Pandey looked ready and showed the great depth in batting in India’s cricket system. The presence of Dhawan, Rohit, Vijay, Kohli, Rahane, Pujara, Raina and now Pandey (amidst so many quality players in domestic cricket) can be looked at the way Australia or New Zealand throw up seam and swing bowlers. But as this series in Australia showed, batting is but one facet of the game, widely celebrated maybe, but merely one of three or four needed to win games. If India lost 4-1 to what I still believe is a vulnerable Australian team, it is because bowling and the balance needed to win games was largely absent.

In the first three matches the batsmen gave the bowlers enough runs, if not to actually win a game but definitely to make things difficult. Whatever the scoreboard says, the truth is that the bowlers never looked like winning India a game. You could condemn Dhoni all you want but once the ball is in a bowler’s hands, he should be able to generate the intensity and discipline needed. If a captain has to draw that out of you, those basic ingredients, you have the wrong man.

And so the bowling must put its hand up and say it was inadequate. Time after time pressure was released because balls were allowed to drift into areas that the field wasn’t designed to defend. John Hastings might have made the cut in an Australian 2nd eleven before this series but once he had the ball, he bowled like he owned the script. None of India’s bowlers did that except for young Jasprit Bumrah who we should look at closely. Admittedly, Ishant Sharma is bowling as well as he has for a while but he must now be the inspiration, be the leader of the bowling the way Kohli is of the batting.

As disappointing as they were with the ball, the bowlers rarely stepped up in the field and a player who doesn’t contribute two ways to the team is a burden. The fast bowler has to be the athlete with the strongest throwing arm and India were poorly served on that front as the large grounds cruelly exposed throwing ability. And yet, there are in this team, some of the finest fielders India has thrown up. Building on the tradition of Yuvraj, Kaif and Raina, Kohli, Rohit and Rahane were brilliant with Jadeja and Pandey in a league even higher. But such is the intensity of the modern one-day game that even a couple of slow feet can bring a side down.

The all-rounder query

Sadly too for India, the bowlers don’t bat and the batsmen don’t bowl. And so Dhoni had to play Gurkeerat Mann for Ashwin which cannot happen again. But he was left with little choice. None of the five specialist batsmen picked, Rohit, Dhawan, Kohli, Rahane and Pandey could contribute with the ball and none of the fast bowlers picked, Ishant, Yadav, Sran, Bumrah and now sadly, Bhuvaneshwar is getting into that list, generate any confidence with the bat. So, Rishi Dhawan had to be picked but because Dhoni wasn’t confident of getting ten overs from him, he needed a sixth option. Only Gurkeerat provided that though his bowling, at this stage and in these conditions, wasn’t much of an option anyway.

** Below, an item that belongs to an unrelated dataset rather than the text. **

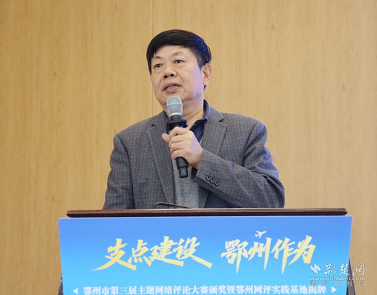 頒獎(jiǎng)活動(dòng)現(xiàn)場(chǎng),湖北省社會(huì)科學(xué)院原副院長(zhǎng)、省政府咨詢委員、長(zhǎng)江經(jīng)濟(jì)帶智庫聯(lián)盟秘書長(zhǎng)秦尊文受邀出席,并從網(wǎng)評(píng)的角度,圍繞“弘揚(yáng)花湖精神 助力支點(diǎn)建設(shè)”主題,發(fā)表了主旨演講。他結(jié)合最新公布的《中共中央關(guān)于制定國(guó)民經(jīng)濟(jì)和社會(huì)發(fā)展第十五個(gè)五年規(guī)劃的建議》,高屋建瓴分析了鄂州當(dāng)前的經(jīng)濟(jì)形勢(shì),提出了切實(shí)可行的建議。湖北省委直屬機(jī)關(guān)工委干部馮歡以中央網(wǎng)信辦網(wǎng)絡(luò)評(píng)論“創(chuàng)四優(yōu)”競(jìng)賽獲獎(jiǎng)作者身份,分享了自己多年網(wǎng)評(píng)文章寫作的心得體會(huì),風(fēng)趣幽默、干貨滿滿。
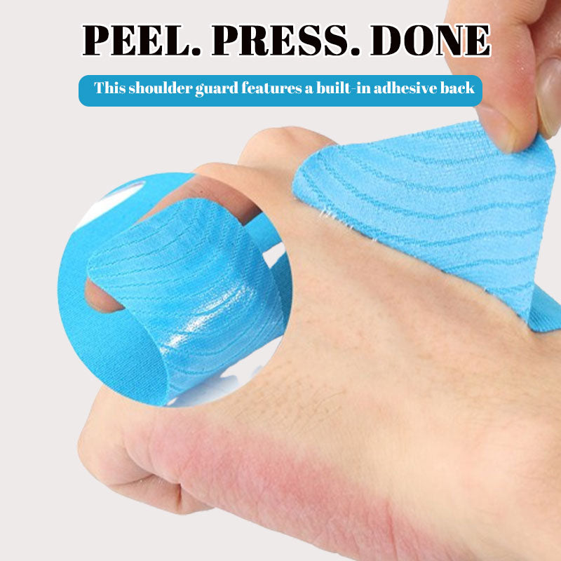 Denne skulderbeskyttelsen har en innebygd klebende bakside – bare trekk av og trykk på.

The balance, or rather the lack of it, also required the batsman to bat a little conservatively. Whether or not the landmark of a century was a distraction is for another day, but the primary consideration was to have a batsman at the end because there weren’t too many riches from number six downwards. That in itself is an indictment of Jadeja the batsman who, by now, should have been offering the number six option.

Admittedly, Dhoni was defensive, but I suspect he was at all times, confronted by limited options. Maybe earlier scars have pushed him towards playing that way but defensive one day cricket, and he knows that better than anyone else, is inherently a weak approach. It didn’t help that Dhoni the batsman is battling the demons that time presents even to the most resolute.

I suspect he will be a different player in Indian conditions where he plays most of his cricket for the next few months but even in apparent decline, his attitude with the bat was admirable. And it is nice to see that his keeping, especially at the stumps, has lost nothing to age.

If India’s selectors have to use learnings from here to look for tomorrow, the message is clear. Find the right candidates for numbers 6,7,8,9 and force numbers 1-5 to provide 5-6 overs in every match because India’s armoury was a bit scanty in Australia.